Now, unless we have created a totally government supplied world for all
possible services; there typically are business entities and they establish
some sort of business operation for services or products. Today these
business relationships are represented by account records. People having
contracted for ISP internet service have a RADIUS account record. The
logical account record (which may be partitioned into several physical
records) typically contains the T&Cs of the business relationship as well
as the necessary information to authenticate the entity that is entitiled
to use the contracted for service. In the traditional business
authentication-based scenario, the entity creates a login transaction with
the appropriate authentication information (which I assert can be a digital
signature) and the double (aka transaction plus digital signature; not the
triple as in the stale, static certificate based scenario) is transmitted.
The receiving router gets the username (or other) handle
and retrieves the corresponding RADIUS record. The transaction is
authenticated with the information in the RADIUS record and then the rest
of the information from the RADIUS record indicates the entitled to
service. Lack of the appropriate RADIUS record or lack of authentication is
an endication that the requesting entity has not contracted for the
requested service.

In the offline, stale, static identification certificate scenario, it is
sufficient to identify the requesting entity, it isn't actually necessary
to establishing that the requesting entity is entitled to the requested
service (or is entitled to the explicit or implicit permissions).

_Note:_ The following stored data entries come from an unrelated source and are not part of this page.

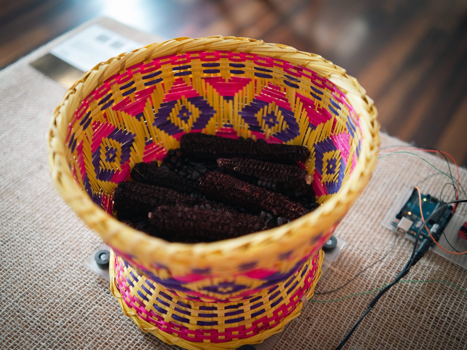 O milho é um alimento fundamental e sagrado na América do Sul, presente na culinária e cultura indígena há milênios, aqui é ofertado e apresentado em um cesto feito pela etnia indígena Kaigang, um povo originário do Sul e Sudeste do Brasil, que utiliza técnicas tradicionais e materiais como palha e fibra de taquara para criar cestas com belos grafismos, vendidas para gerar renda e preservar sua cultura.
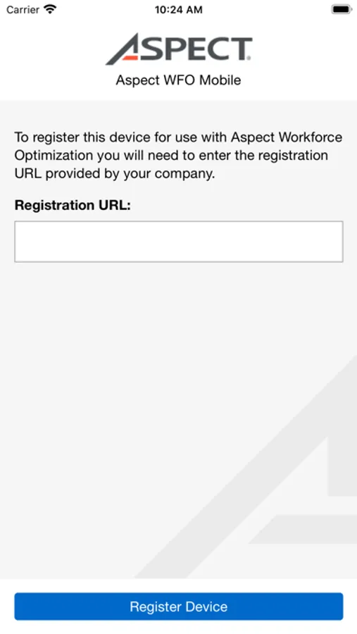 To register this device for use with Aspect Workforce Optimization you will need to enter the registration URL provided by your company.
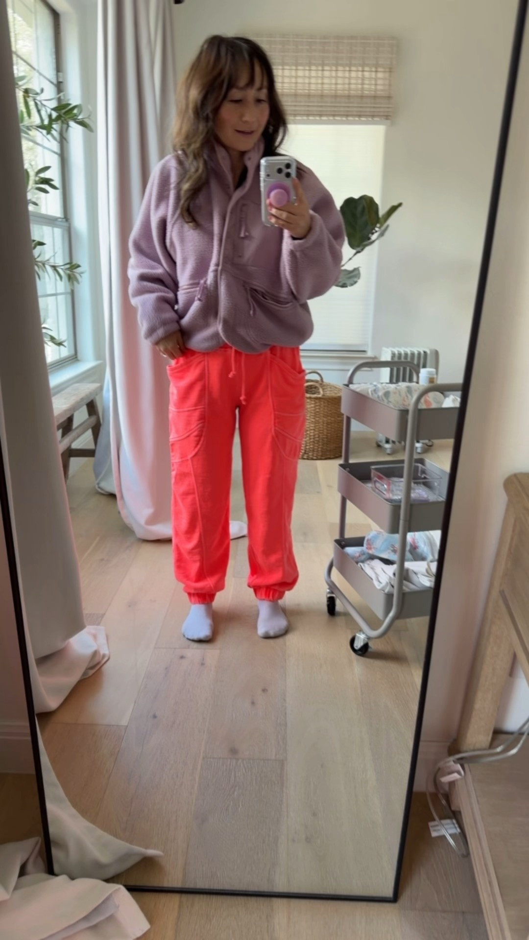 Wearing a small. I have this in another color from last season. These are super warm like you will get hot if you wear it in the house, but it’s perfect when it’s cool outside.
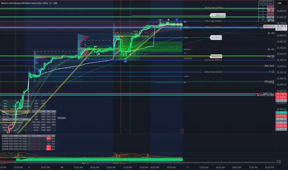 Designed as the lower-pane companion to the War Room Combined HUD, this dashboard provides a 15-minute cadence flow log that captures the heartbeat of each session in real time. It helps visualize how intraday structure, delta flow, and bias evolve block-by-block.
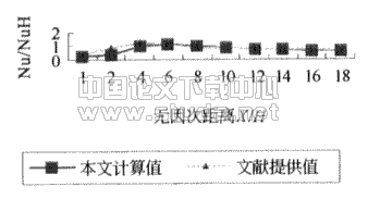 图9是截面(X/H=10)上的流速分布,与文献[4]结果相吻合。另外,作者还与文献[5]比较了不同截面上Nu/NuH数,如图10所示,两者较接近。
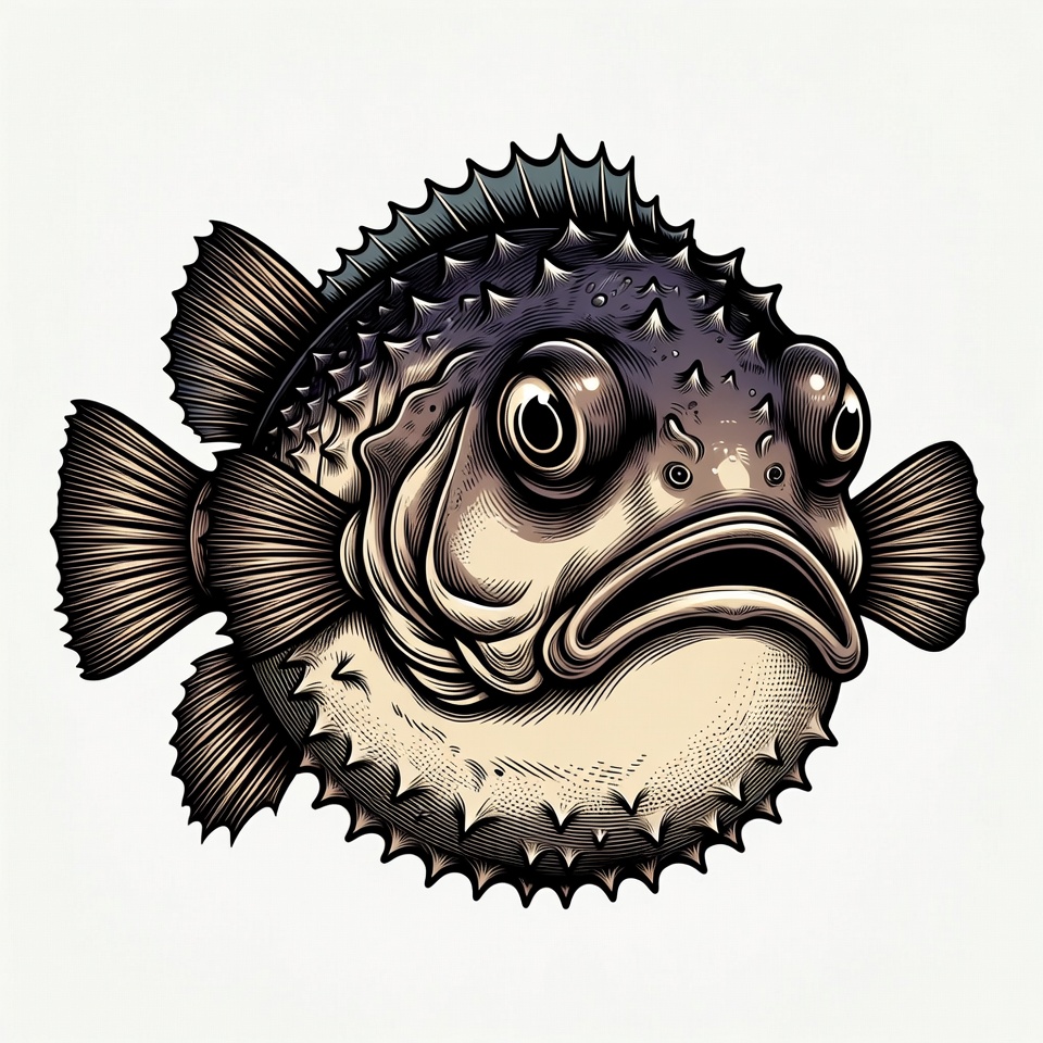 A detailed illustration of a pufferfish facing forward with large, wide eyes and a downturned mouth giving it a surprised expression. The fish features spiky protrusions around its inflated body, intricate fin details, and textured scales in shades of brown, beige, and dark accents. It is presented on an isolated white background.

so back to the original subject line about confusing authentication and
identification:
http://www.garlic.com/~lynn/aepay11.htm#66 Confusing Authentication and
Identiification?
http://www.garlic.com/~lynn/aepay11.htm#67 Confusing Authentication and
Identiification?
http://www.garlic.com/~lynn/aepay11.htm#68 Confusing Authentication and
Identiification?
http://www.garlic.com/~lynn/aepay11.htm#69 Confusing Authentication and
Identiification?
http://www.garlic.com/~lynn/aepay11.htm#70 Confusing Authentication and
Identiification? (addenda)
http://www.garlic.com/~lynn/aepay11.htm#71 Account Numbers.  Was: Confusing
Authentication and Identiification? (addenda)

--
Internet trivia, 20th anv: http://www.garlic.com/~lynn/rfcietff.htm

[EMAIL PROTECTED] on 6/26/2003 12:31 pm wrote:

In the purest sense, an individual is a discrete entity
and why should their identifier be a topic of discussion?
In every advanced country we already have a name and
a government-maintained UID.

The financial industry (and others) needs to end their
reliance on secrecy of the UID and associated information
per se.

I am uneasy with Lynn's criticism of "stale" digital credentials,
since, how else is the individual ever to achieve the
capability to identify ourselves over networks?

At times I feel the internet may be truly, fundamentally useless
until there is a global and publicly accessible registry of
individuals and their public keys.  As parties are not strongly
identified then, communication about things of consequence
is proving to be impractical.   Everywhere I look, I see
large efforts and investments at the server side, to garner
some profit for (increasingly larger) central hosts.   I see
nothing intended to give the economic benefits of the global
internet to individuals or endpoints on the internet.

With great reluctance I am beginning to agree with the
European governments' notions of providing a PKI for
their citizens.  In the US, I believe it would be a good thing
if the federal government maintained a network interface
where anybody could submit a SSN, and receive in
return, the name, address, and public key of the individual.